◆ EXERCISE INPUTS ◆

============

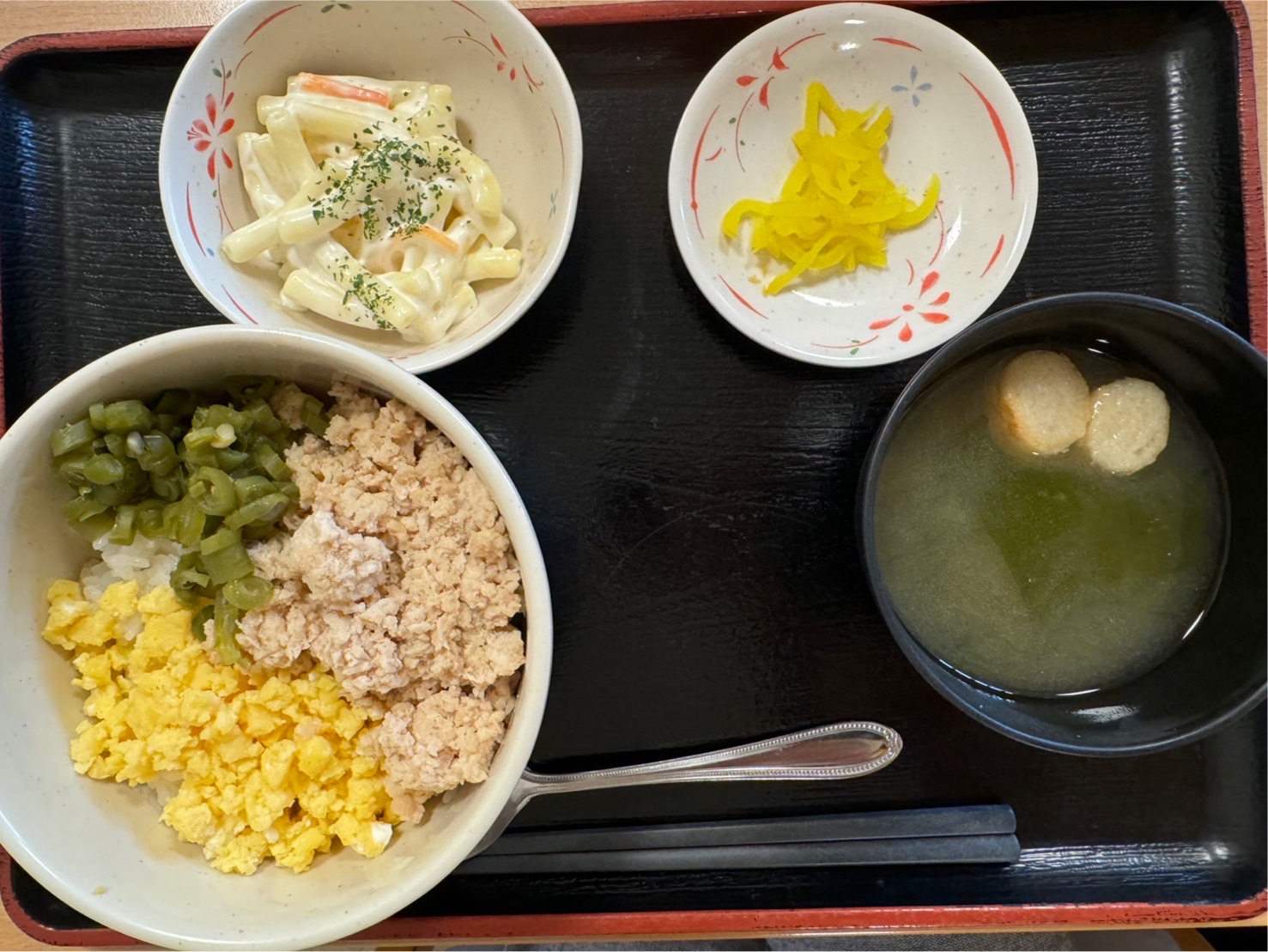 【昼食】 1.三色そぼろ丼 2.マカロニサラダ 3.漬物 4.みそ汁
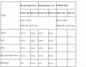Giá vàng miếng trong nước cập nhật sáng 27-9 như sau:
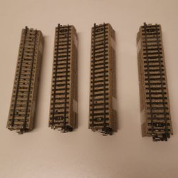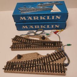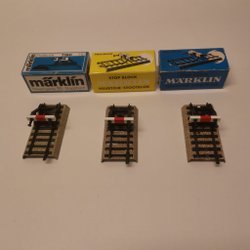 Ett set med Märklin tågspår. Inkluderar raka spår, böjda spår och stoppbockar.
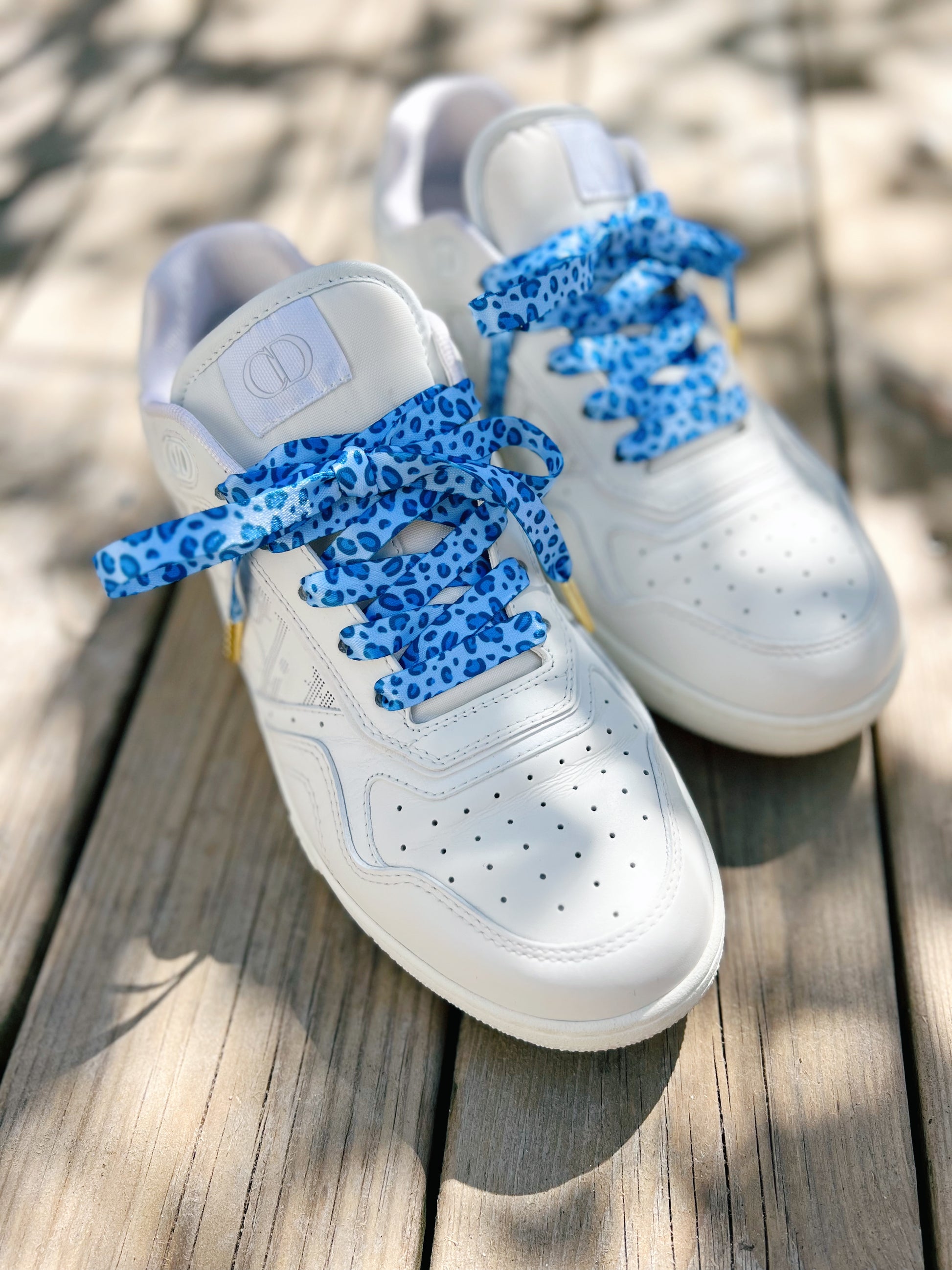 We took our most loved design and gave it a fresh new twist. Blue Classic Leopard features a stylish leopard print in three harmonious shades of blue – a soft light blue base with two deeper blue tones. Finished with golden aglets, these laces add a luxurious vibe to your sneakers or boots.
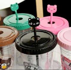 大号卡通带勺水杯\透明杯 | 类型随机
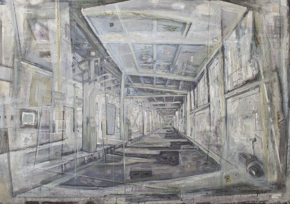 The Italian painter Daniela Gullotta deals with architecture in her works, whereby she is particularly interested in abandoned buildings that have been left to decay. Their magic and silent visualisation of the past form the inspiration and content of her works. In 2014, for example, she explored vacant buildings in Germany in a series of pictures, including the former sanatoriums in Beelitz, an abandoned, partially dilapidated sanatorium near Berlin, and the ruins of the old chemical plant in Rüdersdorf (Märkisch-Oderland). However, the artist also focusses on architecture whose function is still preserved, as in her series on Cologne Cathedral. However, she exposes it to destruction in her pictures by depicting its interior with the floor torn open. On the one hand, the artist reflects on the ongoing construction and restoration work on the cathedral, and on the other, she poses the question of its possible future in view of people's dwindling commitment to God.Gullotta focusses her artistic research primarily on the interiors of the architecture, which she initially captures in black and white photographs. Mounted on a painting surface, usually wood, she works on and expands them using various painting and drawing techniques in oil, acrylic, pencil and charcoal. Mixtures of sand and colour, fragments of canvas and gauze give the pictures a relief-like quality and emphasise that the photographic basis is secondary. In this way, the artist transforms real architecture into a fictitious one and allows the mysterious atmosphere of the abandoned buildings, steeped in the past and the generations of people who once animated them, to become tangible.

============

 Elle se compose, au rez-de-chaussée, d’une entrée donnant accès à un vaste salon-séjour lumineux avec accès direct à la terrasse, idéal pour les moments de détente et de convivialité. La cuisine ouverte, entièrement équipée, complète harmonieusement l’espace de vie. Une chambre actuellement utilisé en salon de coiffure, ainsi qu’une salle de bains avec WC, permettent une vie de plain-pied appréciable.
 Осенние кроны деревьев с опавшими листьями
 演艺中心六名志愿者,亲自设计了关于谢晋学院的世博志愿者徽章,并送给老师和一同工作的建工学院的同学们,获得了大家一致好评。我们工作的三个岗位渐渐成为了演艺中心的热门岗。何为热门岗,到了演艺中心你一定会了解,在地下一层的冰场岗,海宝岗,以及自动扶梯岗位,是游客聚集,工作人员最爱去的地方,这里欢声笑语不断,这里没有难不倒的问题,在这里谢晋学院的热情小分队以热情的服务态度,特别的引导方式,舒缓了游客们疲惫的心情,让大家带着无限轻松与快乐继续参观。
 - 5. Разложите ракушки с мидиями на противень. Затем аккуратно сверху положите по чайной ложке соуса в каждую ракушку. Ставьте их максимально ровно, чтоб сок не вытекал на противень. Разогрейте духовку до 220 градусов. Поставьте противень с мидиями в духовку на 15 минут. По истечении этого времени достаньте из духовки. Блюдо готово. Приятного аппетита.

============

Transcribe the lines above exactly, beginning at the one with "2.マカロニサラダ 3.漬物 4.みそ汁" and ending at the one with "大号卡通带勺水杯\透明杯 | 类型随机". Include both; exclude the pictures.

 【昼食】 1.三色そぼろ丼 2.マカロニサラダ 3.漬物 4.みそ汁
Giá vàng miếng trong nước cập nhật sáng 27-9 như sau:
 Ett set med Märklin tågspår. Inkluderar raka spår, böjda spår och stoppbockar.
 We took our most loved design and gave it a fresh new twist. Blue Classic Leopard features a stylish leopard print in three harmonious shades of blue – a soft light blue base with two deeper blue tones. Finished with golden aglets, these laces add a luxurious vibe to your sneakers or boots.
 大号卡通带勺水杯\透明杯 | 类型随机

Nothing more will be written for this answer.